Chip Merlin | Property Insurance Coverage Law Blog | June 26, 2018
Claim assignments post loss are generally valid despite policy language preventing the same. This is true even if the amount of the claim owed is disputed.1
In a very recent opinion, the facts indicated that the insureds signed a “Work Order Agreement to Perform Emergency Services, Direct Pay Authorization & Assignment of Benefits” agreement with an emergency water removal company. The insurer argued the assignment was not valid, but the Arizona appellate court found that:
[T]he general rule is that an indemnity insurance policy ‘cannot be assigned, especially where an assignment is expressly prohibited by the terms of the policy, unless the insurer consents.’…This principle ‘is based upon the right of the insurer to choose its insured so as to know its risks.’ …An assignment made after a loss occurs, however, ‘is not of the policy itself, but of a claim under, or a right of action on, the policy.’…Thus, ‘[a]fter a loss has occurred and the rights under the policy have accrued, an assignment may be made without the consent of the insurer,’ St. Paul Fire & Marine Ins. Co. v. Allstate Ins. Co., 25 Ariz. App. 309, 311, 543 P.2d 147 (1975), and the rule enforcing anti-assignment provisions is not applicable.

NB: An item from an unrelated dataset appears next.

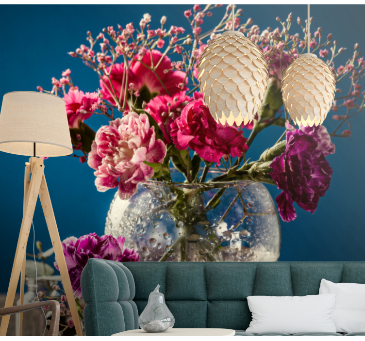 Vstupte do světa elegance s naší Fototapetou květiny Živá květinová kompozice, která přináší nádherný design do vašeho interiéru. Tento úchvatný vzor zobrazuje krásu květin, včetně jemných karafiátů, umístěných ve stylové váze. Sklenka s kapénkami dodává celému designu živost a svěžest, zatímco flóra okolo vytváří harmonickou kompozici, která oživí každou místnost. Pro všechny milovníky přírody je tento jedinečný kousek ideálním způsobem, jak přenést kousek zahrady přímo do vašeho domova!

The insurer then argued that the amount was disputed and the assignment was not valid. The appellate court again disagreed, stating:
We disagree that Aetna and St. Paul Fire apply only when the amount of damages the insurance company owes to the insured is not in dispute, or that, in exercising its rights as the insureds’ assignee, EcoDry is only entitled to receive whatever sum Farmers determines is due and may not challenge Farmers’ determination in court.
…
….the insureds executed the assignments after water damaged their homes, giving rise to their claims under the policies. The insureds did not assign their insurance policies to EcoDry, but rather they each assigned a claim under and a right of action on the policy. …Accordingly, we hold the assignments were valid post-lossassignments of benefits under the insurance policies. As the recipient of a post-loss assignment of benefits, EcoDry stands in the shoes of the insureds…and has standing to enforce the policy against Farmers.
We are unpersuaded by Farmers’ contentions that the assignments increase the insurer’s risk or alter the duties and obligations under the insurance policies, and agree with courts in other states that permit assignment of post-loss benefits due under insurance policies. In Millard Gutter Co. v. Farm Bureau Prop. & Cas. Ins. Co., the Nebraska Supreme Court upheld a judgment against an insurance company in favor of a contractor that sued as an assignee of claims under a homeowner’s insurance policy. 295 Neb. 419, 889 N.W.2d 596, 598 (2016). The insurance company paid the contractor less than half the amount the contractor billed for a roof repair, and the contractor sued the insurance company for the difference. Id.The court held the assignment was a post-loss assignment of a claim under an insurance policy and the contractor had standing to bring a breach of contract claim, despite an anti-assignment provision in the insurance policy…The court found that while there are sound public policy reasons for enforcing anti-assignment provisions before a loss occurs…those justifications are not implicated after the loss.
The insurance industry is in a full-blown fight against restoration contractors across the nation. There are many of these lawsuits throughout the country and cries of insurers claiming these assignments are a “crisis.” Insurers do not want contractors to have legal recourse when those insurers underpay claims. From the insurer’s viewpoint, it is a lot more profitable to not pay what is owed and prevent others from disputing those amounts in court.
______________________
1 Farmers Insurance Exchange v. Udall, No. 1 CA-SA 18-0081, 2018 WL 2931906 (Ariz. App. Div. 1, June 12, 2018).